Positive Mental Health
Positive Mental Health – Overcoming mental health problems
Authors: Dr Shaun Davis & Andrew Kinder
Review by: Ian Pettigrew
This is an interesting book, looking more like a journal with its hardback cover and elasticated strap. The authors are really clear about the purpose of the book; both to raise awareness of mental health and to help people “improve, nurture, and protect their mental health”. But there is another purpose at play here, and one that I wholeheartedly endorse. On the topic of resilience, I find myself constantly reinforcing the importance of talking, of having a conversation. It is incredibly simple, but something that people often feel ill-equipped to do when the topic turns to mental health. I really like that this book positions itself as a handbook to help facilitate those conversations, and to equip the reader to ask someone how they really are.
I read the book from front to back, although I suspect that many people will dip into chapters in a less sequential manner, diving into chapters that resonate with them.
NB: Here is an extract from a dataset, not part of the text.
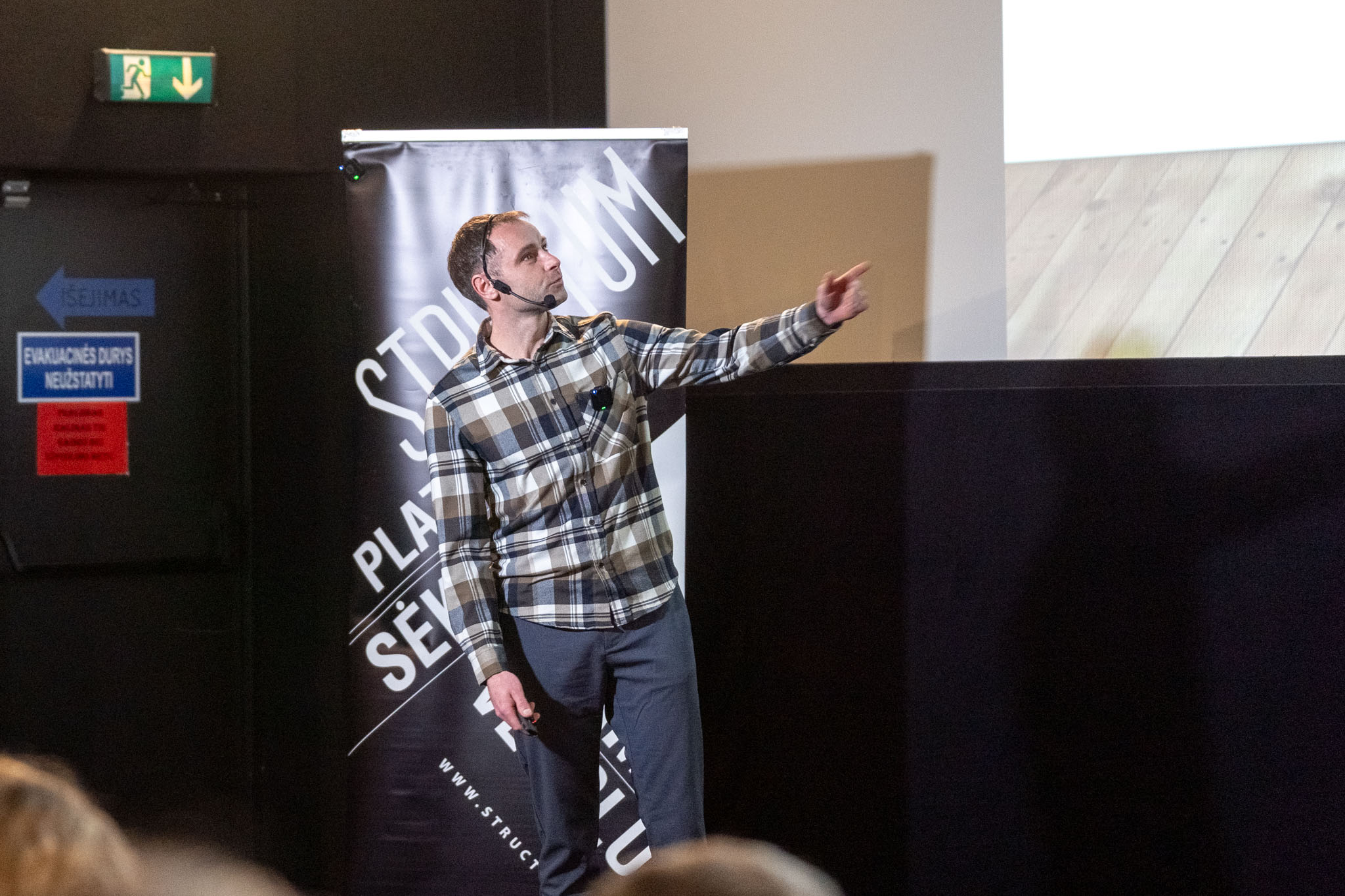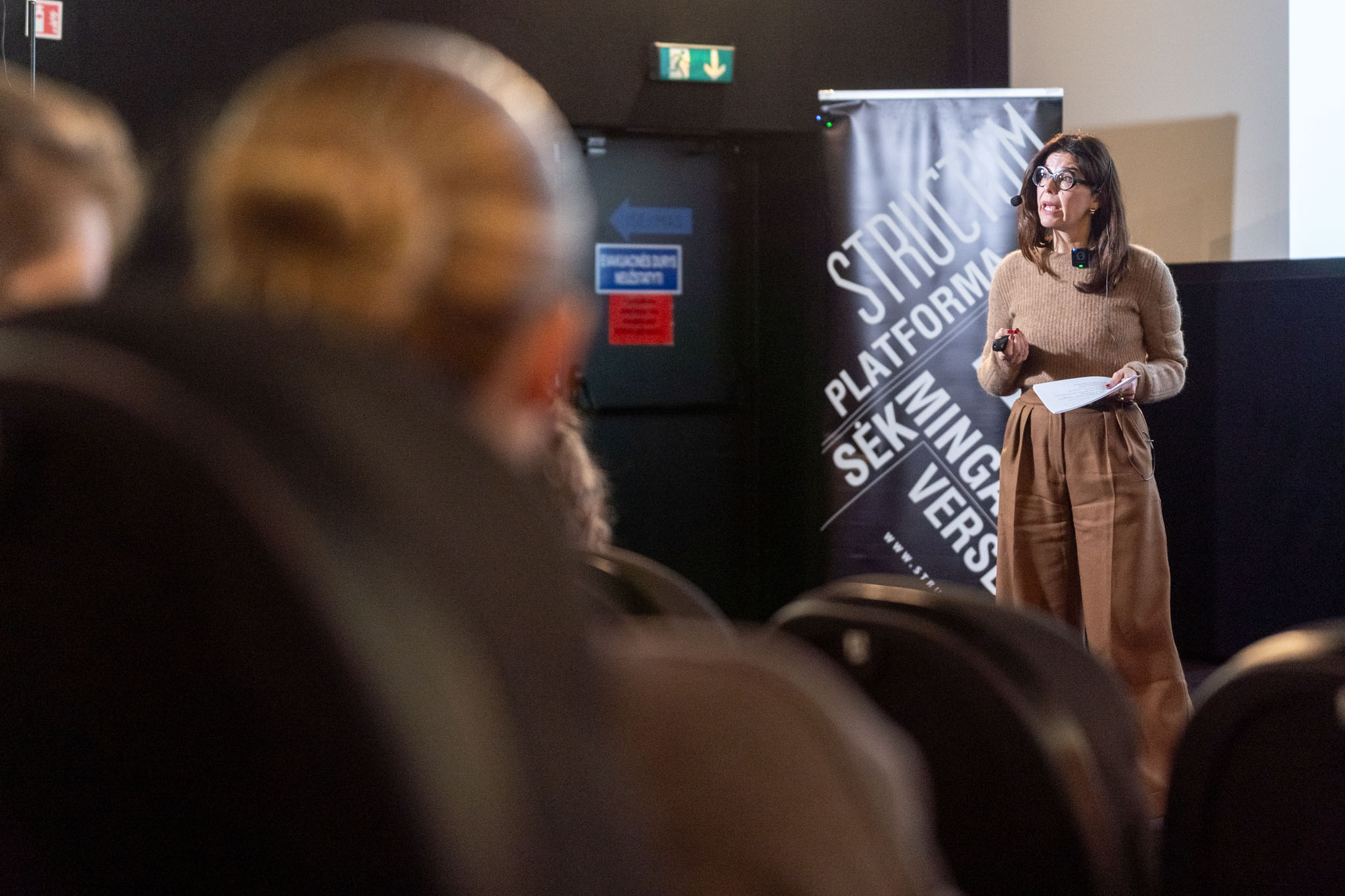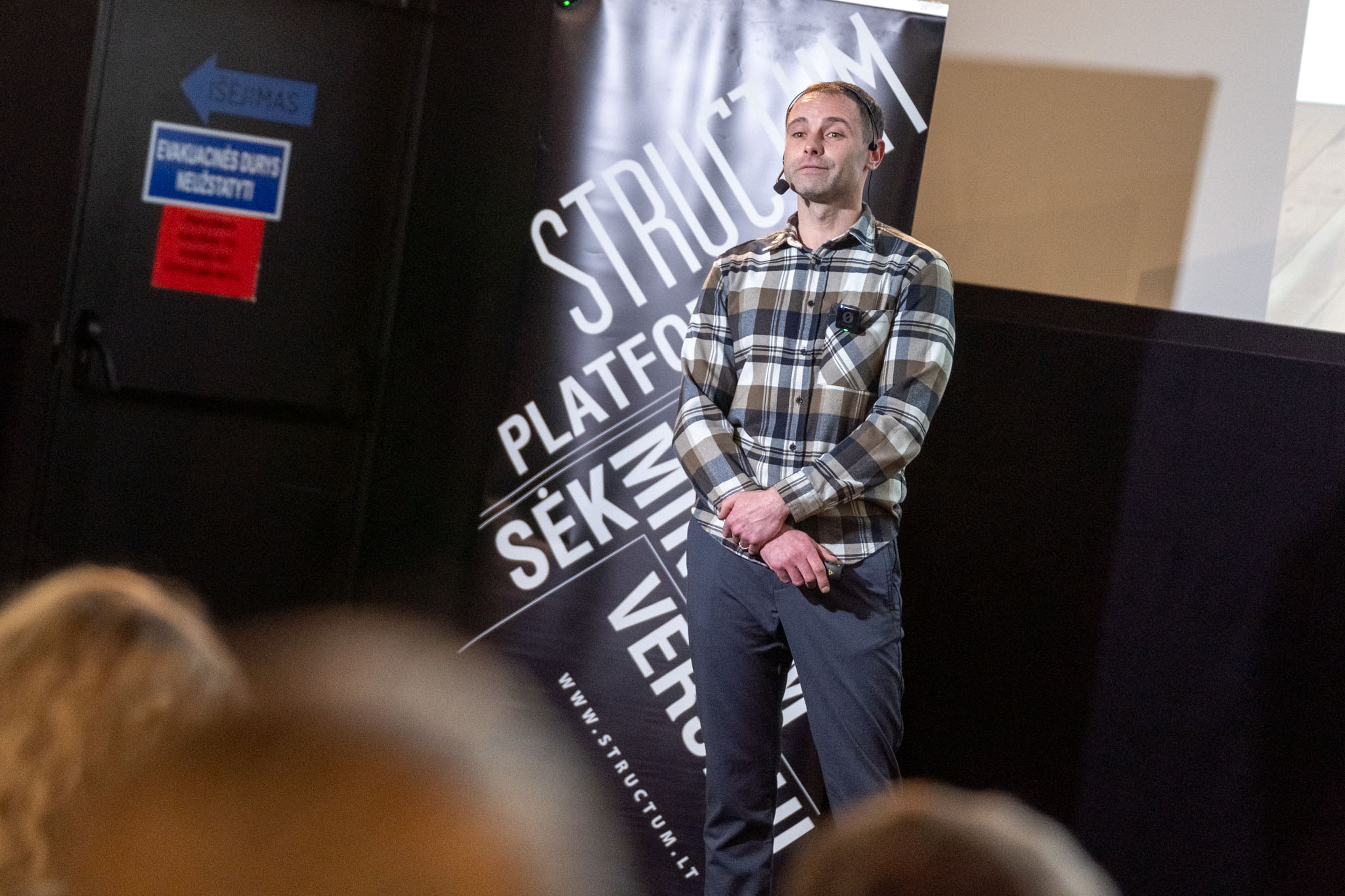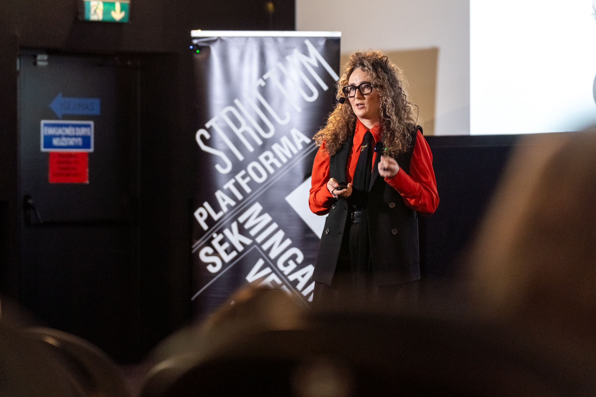 Konferenciją atidarė STRUCTUM konferencijų organizatorė Rosita Čerjezdanovė, pasveikinusi susirinkusiuosius į naują metų ciklą ir pakvietusi pažvelgti į namus kaip į gyvą organizmą, kuriame architektūra ir dizainas veikia kartu, kurdami žmogaus kasdienybės kokybę.

The book covers a wide range of subjects:
Part 1 – Understanding your mental health (the big picture)
Part 2 – Taking charge of your mental health (including topics such as sleep, eating, alcohol, exercise, loneliness, social media, and bereavement)
Part 3 – Understanding specific mental health conditions (including burnout, trauma, anxiety, depression, and suicide)
Part 4 – Mental health, transition, and times of change (including parenthood, menopause, leaving home, empty nest syndrome, and relationship breakdown)
Part 5 – Your mental health at work (including creating a work environment that supports mental health, what your employer can do to help, and wellness recovery action plans)
Part 6 – What to do next
My only disappointment was with the referencing; I think the authors have done a great job in citing the sources of any statistics used and I would love to see that extended to the rest of the content so that statements such as “There is strong evidence that this treatment will help process the emotional elements of the traumatic experience…” references the evidence. This is really useful book, and I think that would help to broaden and deepen its impact.
It is great to see that all proceeds from the book are going to The Rowland Hill Fund and Mind, so both the contents and the proceeds are helping with positive mental health. Many HR/L&D functions have a library of useful books for managers, and this book would be really helpful to have as a resource. This is a helpful handbook for people’s own mental health, and a helpful toolkit to equip people to have impactful conversations about mental health.